Description
This course is designed to introduce you to the world of data analysis and reporting with Python. The first approach with the data must be to read it, clean it, and understand its content. Finally, after a numerical and graphical analysis, communicate results through beautiful presentations and reports. This is exactly what this course is about.

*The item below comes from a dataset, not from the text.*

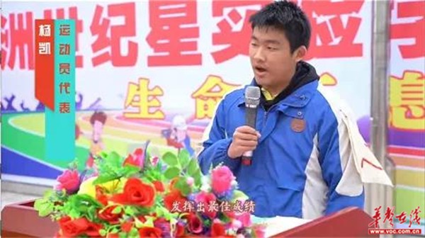 运动员代表九年级杨凯同学呼吁运动员严格遵守比赛规则,坚决服从裁判,尊重对手,尊重观众。以饱满的热情认真比赛,发扬顽强拼搏精神,胜不骄、败不馁,赛出风格,赛出水平,发挥出最佳成绩。

The course covers the basics of Python, the main libraries for data analysis, and how to create reports and visualizations. The course is designed to be interactive and practical. The student will learn by doing, by solving real business problems.
Topics include
- Origins and key features of Python
- Editors and platforms: what’s available and how to choose
- Installing and configuring the Python environment with Anaconda
- Visual Studio, Jupyter, JupyterLab
- Virtual environment: what it is, what it’s used for, and how to configure it
- Introduction to Git, GitHub, and GitLab
- Introduction to data analysis
- Introduction to major Python libraries for data analysis: NumPy and Pandas
- What is vectorial programming and how it improves readability and performance
- NumPy arrays: what they are, why they are useful, and key features
- Vector and Matrix operations
- Tensor operations
- Practical examples of using NumPy
- Introduction to Pandas
- Pandas: subsetting, selecting, filtering, sorting, unique values, aggregations, basic statistics
- Reading and writing data: text files, Excel, database connections, JSON, XML
- Data preparation and cleaning: handling missing data, replacing values, normalization, deduplication, permutations, random sampling, identifying and removing outliers, computing indicators and dummy variables, discretization
- Working with datasets: reshaping, merging, joining, summary statistics
- Introduction to Plotnine
- Creating basic charts with Plotnine
- Customizing charts with Plotnine
- Data aggregation and group analysis
- Working with dates and timelines
- Introduction to the Plotly library: creating interactive visualizations in the browser
- Export Jupiter Notebooks into beautiful reports
What you will be able to do
- Use data from several data sources
- Tidy your dataset
- Discover relations among your data
- Create visualizations
- Fit a model for your data
- Deliver insights and results with a clear report or presentation
- Quickly create visualization to understand the data set
- Graphically highlight relationships in data
- Choose the best representation for the data types you have
- Use specific plot for Graphs or other visualizations
- Present results either as PDF, verbose reports, Dashboards or Slides
Duration
3 days
Prerequisites
None.
Audience
This course is a fundamental for every business area. Different example datasets can be used according to industry type, for a better understanding and faster use of the concepts.